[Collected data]
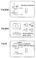 - When the operator inputs the dimension data (aa, b and h) in response to the message, the microprocessor MPU reads and stores these data in the random access memory RAM2 for temporal storage.Step 42 then follows, wherein the plan and elevational view of a rectangular parallelepiped having the dimensions so input in longitudinal, transverse and height directions are displayed on the scaling zone 12b of the CRT screen 12a, as shown in Figure 8(c). At the same time, respective plan and elevational views of four additional blank shapes including one general rectangular parallelepiped, one general circular cylinder, one general round hole and one general square hole are also displayed at the right half of theCRT screen 12, along with a message given at the right-lower portion of theCRT screen 12 to instruct that the operator select one of the four additional blank shapes.
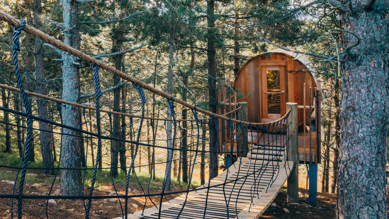 These aren't your average childhood structures, they are a sophisticated blend of rustic charm and modern amenities, including saunas and swing bridges that offer breathtaking views of the valley.
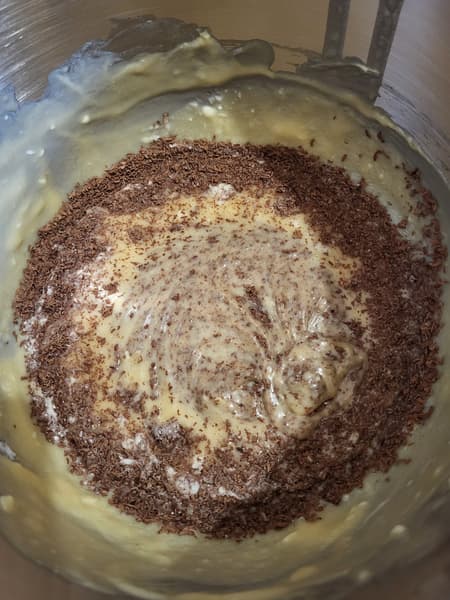 Шоколад натерли на мелкой терке. В отдельной емкости взбили яйца с сахаром до стойкой пены. Непрерывно помешивая, добавили в яичную смесь размягченное сливочное масло, муку, разрыхлитель, тертый шоколад и тщательно перемешали до получения однородной массы (мы воспользовались миксером).
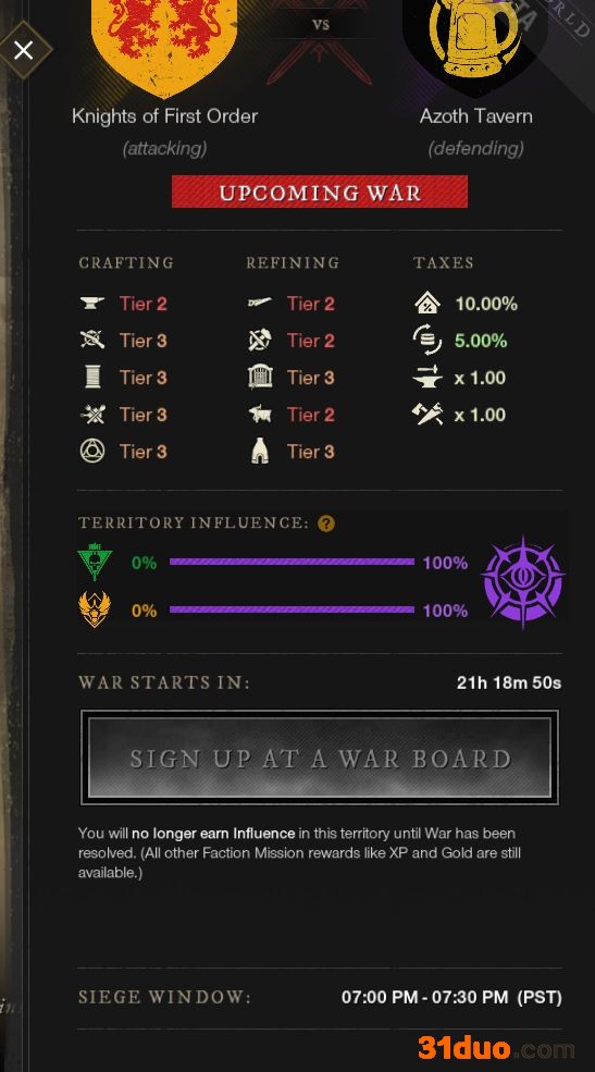 各公会可以自己设定宣战时间,买城之后会有一天的保护时间-其它阵营要想攻打我们一定要把阵营任务的能量条集满才可以打,而公会结算会在7天结算一次可得到分红。
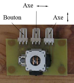 Ce capteur est composé de deux potentiomètres ainsi que d'un bouton interrupteur. Il possède donc trois sorties analogiques 3 points (une par potentiomètre et une pour l'interrupteur) qui se branchent par exemple
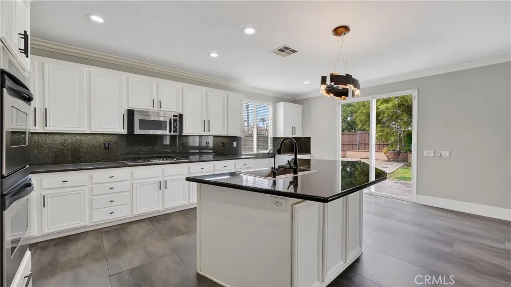 Welcome to 7197 Corona Valley Avenue, a corner lot, turnkey and versatile estate located in the heart of Eastvale’s most vibrant community. Boasting 3,621 square feet of living space, this home is designed for large-scale living and effortless entertaining. The main level features a sophisticated formal living room with soaring vaulted ceilings, a formal dining room with direct access to a butler's pantry, and a chef-inspired kitchen. The kitchen boasts a large island with bar-style seating, perfect for morning coffee or evening gatherings. With an abundance of storage, vast counter space, and an infusion of natural light, this heart of the home opens directly into a massive family room anchored by a cozy stacked-stone fireplace. Additionally, the main floor offers a sprawling game room or office that provides the perfect opportunity to be converted into a 6th bedroom with a full bathroom nearby. Upstairs, you will find five generous bedrooms and three full bathrooms. The primary retreat offers a spa-like ensuite with dual vanities, a modern freestanding tub, and dual walk-in closets. Down the hall, two junior bedrooms share a Jack-and-Jill bathroom. On the opposite side of the home, you will find two more junior bedrooms, a full hall bathroom, and a dedicated laundry room with a spacious linen closet. One of the most unique features of this property is the incredible 4-car tandem garage—an ideal space for a home gym, workshop, or home-based business. Step outside to a private backyard designed for weekend fun. The grounds feature a fruitful lemon tree and a convenient enclosed dog run. Located just minutes from Eastvale Gateway, Costco, and top-rated schools including Clara Barton Elementary and Eleanor Roosevelt High, with easy access to the 15, 60, and 91 freeways. Take a sneak peek at the 3D virtual tour below!
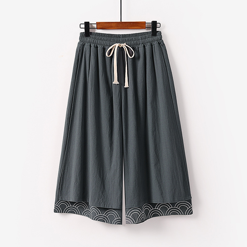 ハーレムパンツメンズ刺繍入りナショナルトレンドパンツ夏薄手クロップドパンツルーズリネンパンツトレンディブランドレトロコットンとリネンミッドパンツ
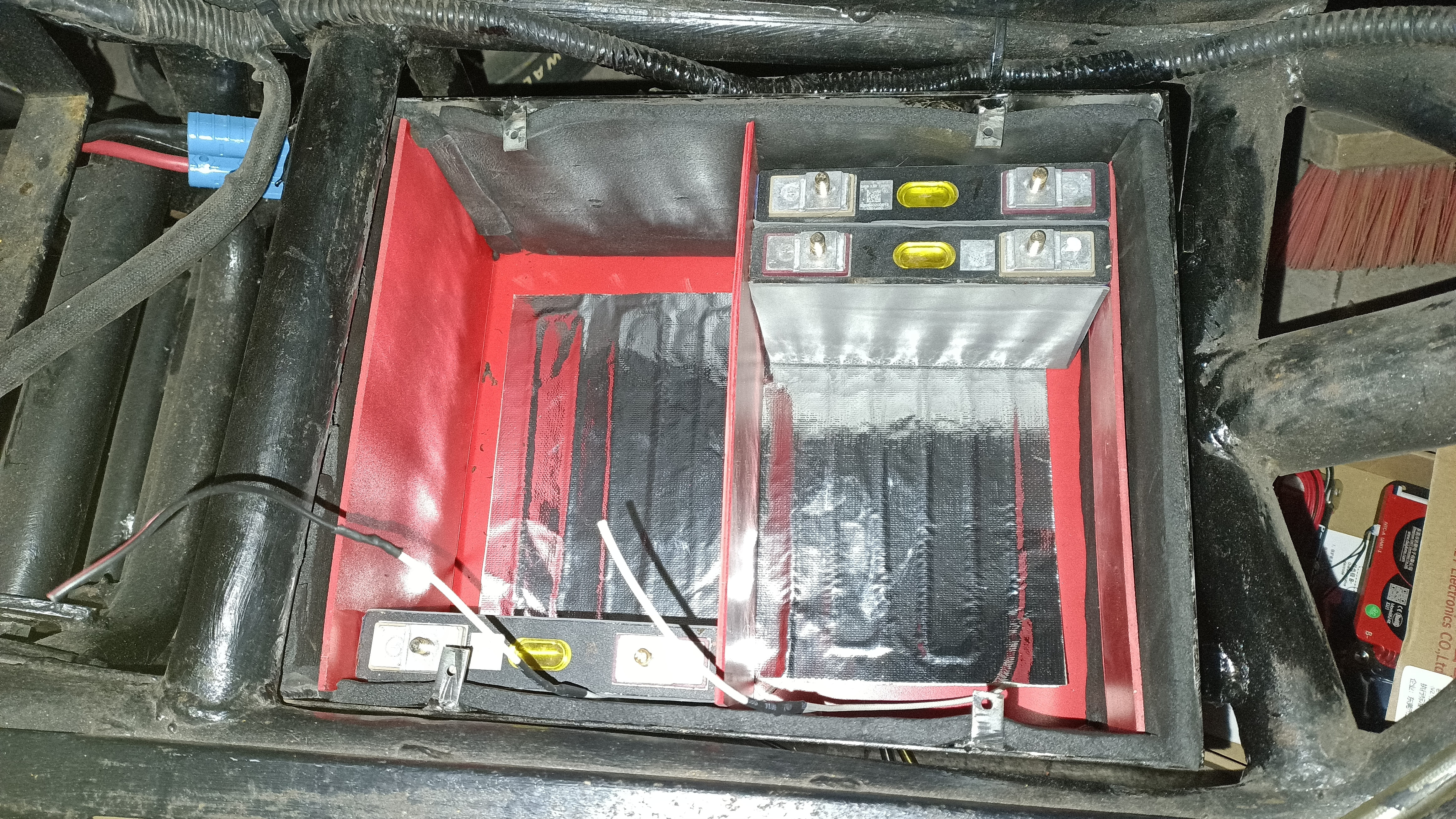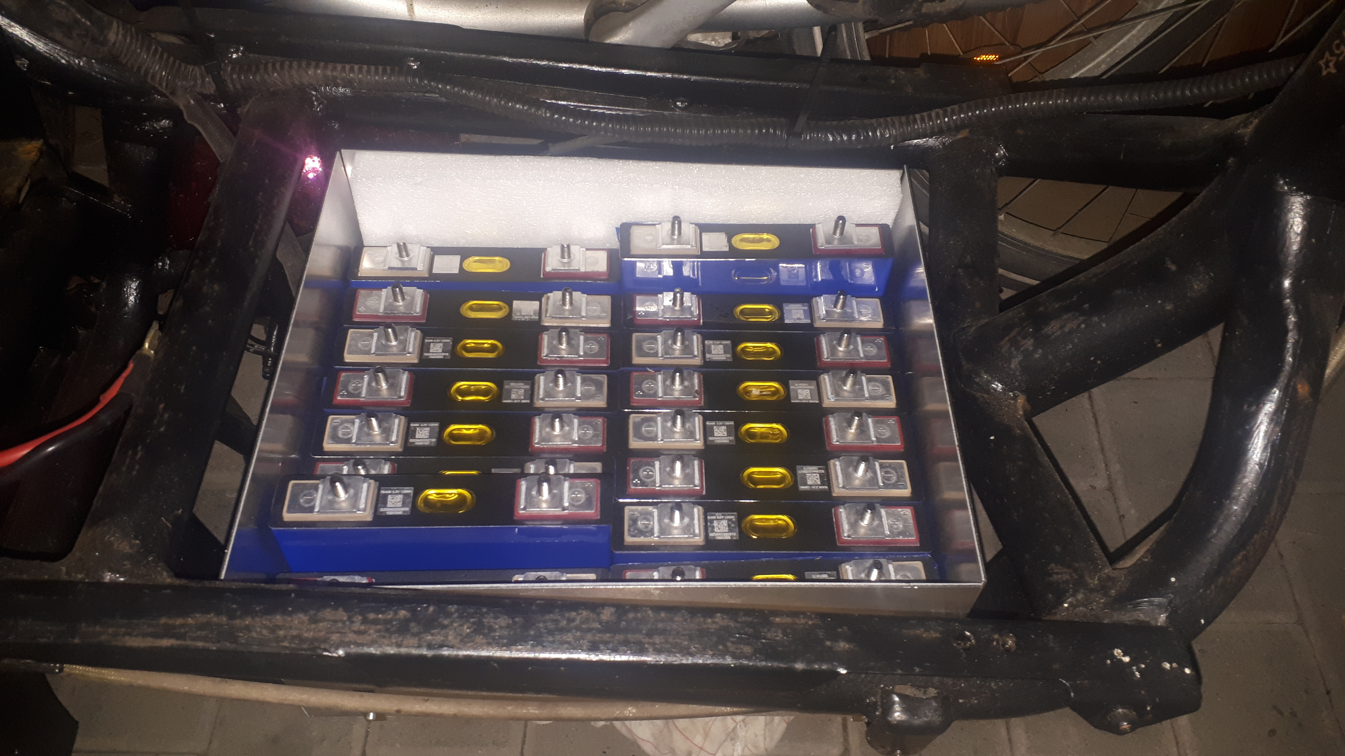 Die Box besteht aus 2mm Alublech, genietet und abgedichtet. Der Boden und Deckel bekommt eine Kunststoff Platte um kurzschlüsse zu vermeiden. Die Zellen werden nochmal zusätzlich umwickelt bevor sie endgültig in den Kasten kommen, jetzt muss ich nur noch entsprechende aussparung einbauen für bms plus und minus.
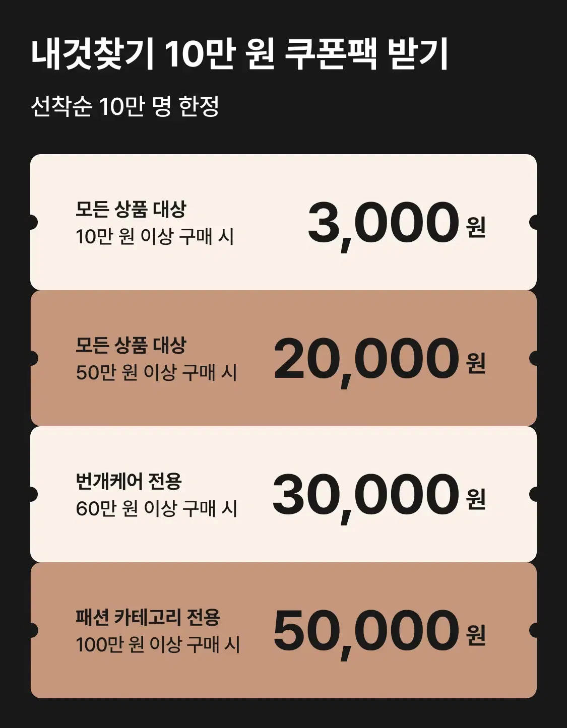 첫번째 혜택으로 10만 원 쿠폰팩을 준비했어요. 무려 선착순 10만 명에게 제공되는 파격적인 쿠폰팩으로, 누구나 부담 없이 ‘내것’을 찾고 거래할 수 있도록 아낌없이 지원해 드려요.
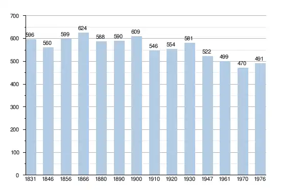 - Sources : INS, Rem. : 1831 jusqu'en 1970 = recensements, 1976 = nombre d'habitants au 31 décembre.
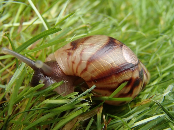 Super je šneček z první snůšky mých "retek". Maminka a tatínek jsou tedy Louis a Lee. Při kontrole 2 stejně starých snůšek od retek, ve věku 48 dní (24. 5. 2013), byl ze všech největší. Při prvním měření dosahoval délky 2,86 cm a vážil 3 g. Má krásnou proužkatou ulitu a vyvíjí se velice dobře. 24. 5. 2013 byl přesunut se všemi ostatními z "líhně" do většího akvária. 29. 5. 2013 jsem při focení zapomněla, že ho mám vedle sebe, položila na něj ruku a odlomila mu kus růstového proužku. Naštěstí se mu nic vážného nestalo.
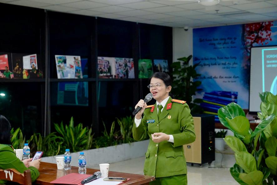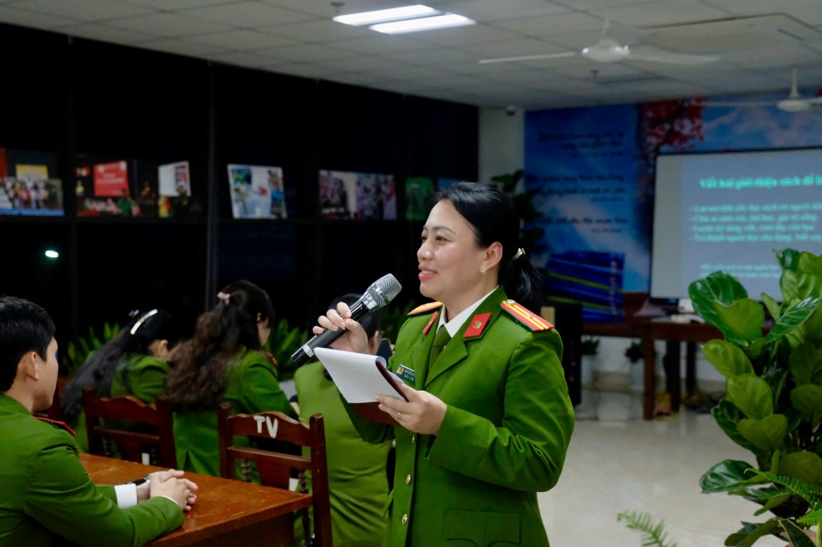Đồng chí Thiếu tá Nguyễn Thị Thu, Đại sứ Văn hoá đọc cấp Bộ năm 2021 hướng dẫn các bước viết bài giới thiệu sách.

Prompt. Pictures must be left out of the answer, which should be exactly the lines from the one holding "ハーレムパンツメンズ刺繍入り" through the last line of the entries above, both included; please add nothing.

Task solution.
 ハーレムパンツメンズ刺繍入りナショナルトレンドパンツ夏薄手クロップドパンツルーズリネンパンツトレンディブランドレトロコットンとリネンミッドパンツ
 Die Box besteht aus 2mm Alublech, genietet und abgedichtet. Der Boden und Deckel bekommt eine Kunststoff Platte um kurzschlüsse zu vermeiden. Die Zellen werden nochmal zusätzlich umwickelt bevor sie endgültig in den Kasten kommen, jetzt muss ich nur noch entsprechende aussparung einbauen für bms plus und minus.
 첫번째 혜택으로 10만 원 쿠폰팩을 준비했어요. 무려 선착순 10만 명에게 제공되는 파격적인 쿠폰팩으로, 누구나 부담 없이 ‘내것’을 찾고 거래할 수 있도록 아낌없이 지원해 드려요.
 - Sources : INS, Rem. : 1831 jusqu'en 1970 = recensements, 1976 = nombre d'habitants au 31 décembre.
 Super je šneček z první snůšky mých "retek". Maminka a tatínek jsou tedy Louis a Lee. Při kontrole 2 stejně starých snůšek od retek, ve věku 48 dní (24. 5. 2013), byl ze všech největší. Při prvním měření dosahoval délky 2,86 cm a vážil 3 g. Má krásnou proužkatou ulitu a vyvíjí se velice dobře. 24. 5. 2013 byl přesunut se všemi ostatními z "líhně" do většího akvária. 29. 5. 2013 jsem při focení zapomněla, že ho mám vedle sebe, položila na něj ruku a odlomila mu kus růstového proužku. Naštěstí se mu nic vážného nestalo.
Đồng chí Thiếu tá Nguyễn Thị Thu, Đại sứ Văn hoá đọc cấp Bộ năm 2021 hướng dẫn các bước viết bài giới thiệu sách.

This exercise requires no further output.